I opened the door and the fish began to slither in, one by one.  “Would anybody like something to eat?”  Stupid negotiating trick:  Give some loser a free cup of coffee and subconsciously he feels he owes you something.  Which–if you’ve ever tasted the coffee in a federal agency break room–he most assuredly does not.

The fish looked at each other, making little moues with their wide mouths as if to say “What the hell, if he’s gonna offer, I’m gonna grab some!”

“I’ll have a couple hundred crappie,” one said.

“I’ll have a two-by-four and a tire,” said another.  Sheesh–I knew they were bottom-feeding trash fish, but I had no idea they were that disgusting.

“Okay, let me get Velma Jean in here to take orders,” I said, and after the receptionist had taken their lunch requests, we sat down for some serious negotiating.

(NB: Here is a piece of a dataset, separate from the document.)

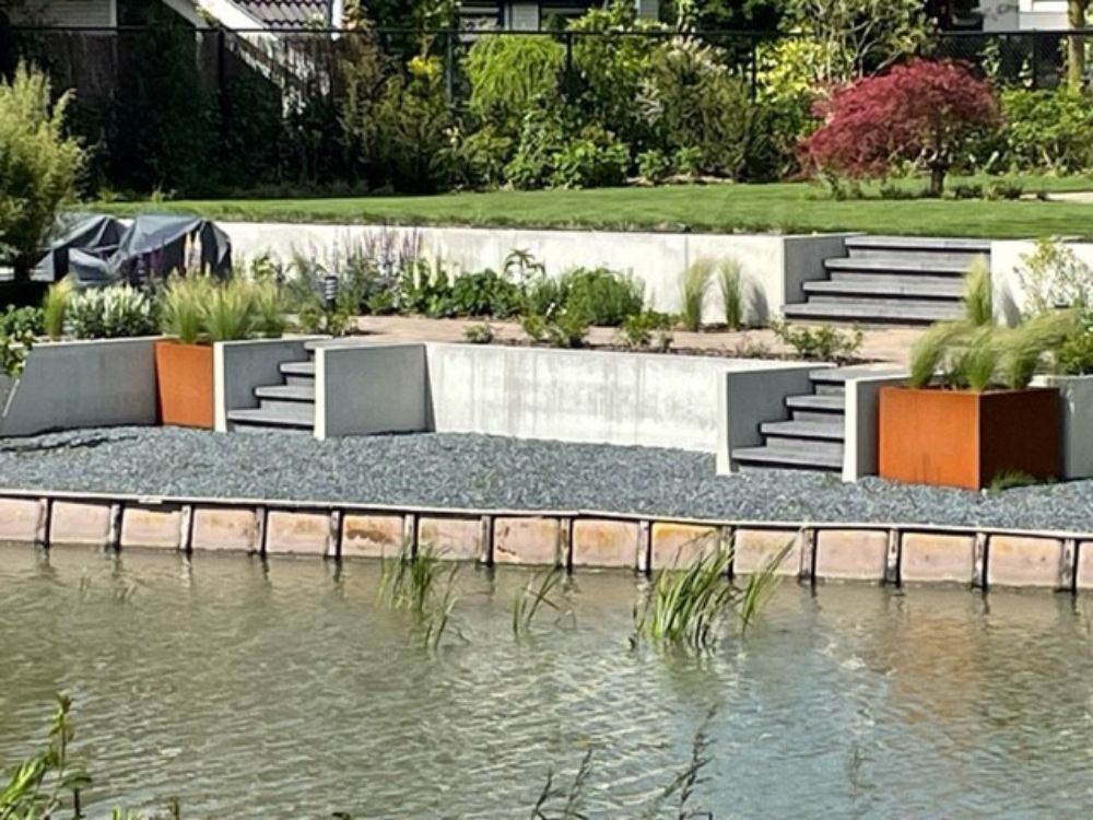 Vivete vicino a un canale, un lago o uno stagno? Se sì, l'acqua e la natura circostante creano un'atmosfera tranquilla. Con i prodotti in acciaio corten, potete dare al vostro giardino sull'acqua un accento fresco e moderno. Il caldo colore ruggine di questo materiale crea un piacevole contrasto con l'acqua fresca e il verde del giardino.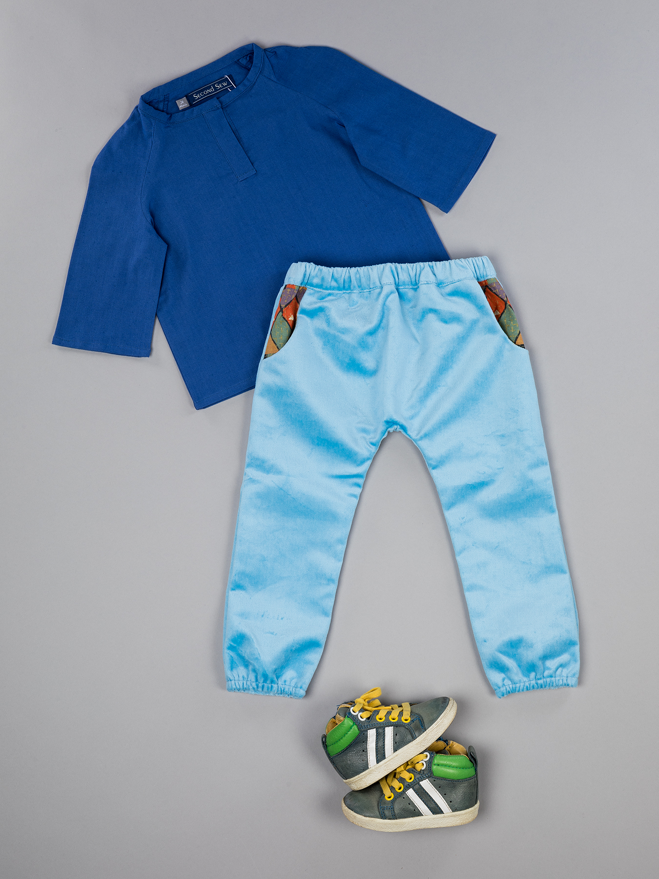 Le pantalon sarouel c'est le souvenir des après-midi entre frères et soeurs / cousins et cousines à courir en forêt à cache-cache, à sauter à pieds joints sur les châteaux de sable.

“I understand your frustration,” I said in a low, considerate voice once the door was closed.  “I know you’re upset that after spending twenty million dollars on catfish inspection we still haven’t inspected any catfish.  But you’ve got to understand–there are almost three hundred and twenty million people in the United States.”

“We’re not people,” one of them said.

“Fair enough.  I walked right into that one.  On the other hand I’m a people . . .”

“A people who needs people?”

“No, I’m a people who works for the federal government, so I’d rather not have anything to do with people.  But catfish–that’s another story.”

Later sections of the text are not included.